Additionally, this bill is unnecessary as protections already exist for consumers. Currently, the Department of Financial Services limits how often plans may update formularies to no more than four times a year. However, health plans typically make changes less frequently and rarely remove drugs from the formularies. Further, when an individual’s drug changes to higher tier, or when a drug has been removed from the formulary, there must be a therapeutic equivalent drug that is as effective as the original drug. In all cases, plans must notify affected members about the formulary changes. Moreover, New York law requires plans to have “exception” processes that enable consumers or their providers to access specific treatments, including prescription drugs. This ensures members get the most effective drugs regardless of whether the drug is on the formulary.

Decisions to update a health plan’s drug formulary or to change tiers are determined by health plans’ Pharmacy and Therapeutic (P&T) committees. Comprised of independent community physicians and pharmacists with expertise in the diagnosis and treatment of disease, these committees review new drugs and the latest clinical information to determine which drugs will appear on the formulary. This ensures that there is local input into a health plan’s formulary and that members have access to needed medications while also helping to reduce the cost of member premiums, incentivize use of the most effective drugs, and ensure patient safety.

Formularies have existed for decades and are commonly used by hospitals, health plans, prescription benefit management companies, self-insured employers, and government programs.

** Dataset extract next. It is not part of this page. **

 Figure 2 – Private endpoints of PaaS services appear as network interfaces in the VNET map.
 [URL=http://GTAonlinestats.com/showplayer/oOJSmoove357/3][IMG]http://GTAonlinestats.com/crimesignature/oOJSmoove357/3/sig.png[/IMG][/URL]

Formularies are designed to provide enrollees access to effective drugs in every therapeutic class to ensure efficacious treatment while managing the rising cost of medications. The formulary and review process of modification is intended to reduce the cost of member premiums, incentivize use of the most efficacious drugs, and ensure patient safety.

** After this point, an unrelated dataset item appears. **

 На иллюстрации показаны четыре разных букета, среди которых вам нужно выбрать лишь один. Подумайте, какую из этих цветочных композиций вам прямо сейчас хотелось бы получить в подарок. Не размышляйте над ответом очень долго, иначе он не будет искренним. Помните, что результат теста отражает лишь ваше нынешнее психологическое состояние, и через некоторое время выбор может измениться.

Increased utilization, price inflation, and higher cost drugs continue to drive up prescription drug costs. Drug companies are pushing the limits on prescription drug prices across the board. Six-figure price tags on old and new drugs have become commonplace, specialty drugs and generic drugs see similar pricing jumps, and prices for orphan drugs regularly reach above $300,000. To counter these increases and to keep prescription coverage affordable for consumers, health plans use comprehensive prescription drug formularies.

By “locking-in” the formulary of covered drugs, the legislation would prevent the continuous review, update, and change necessary to maximize premium affordability, safety, and efficiency to benefit consumers. We do not believe it is in the best interest of the health plans or the patients served to prohibit a health plan from acting to incentivize use of the most efficacious drugs and reducing the cost of member premiums by changing its formulary mid-year.

For all these reasons, HPA opposes S.4111/A.4668.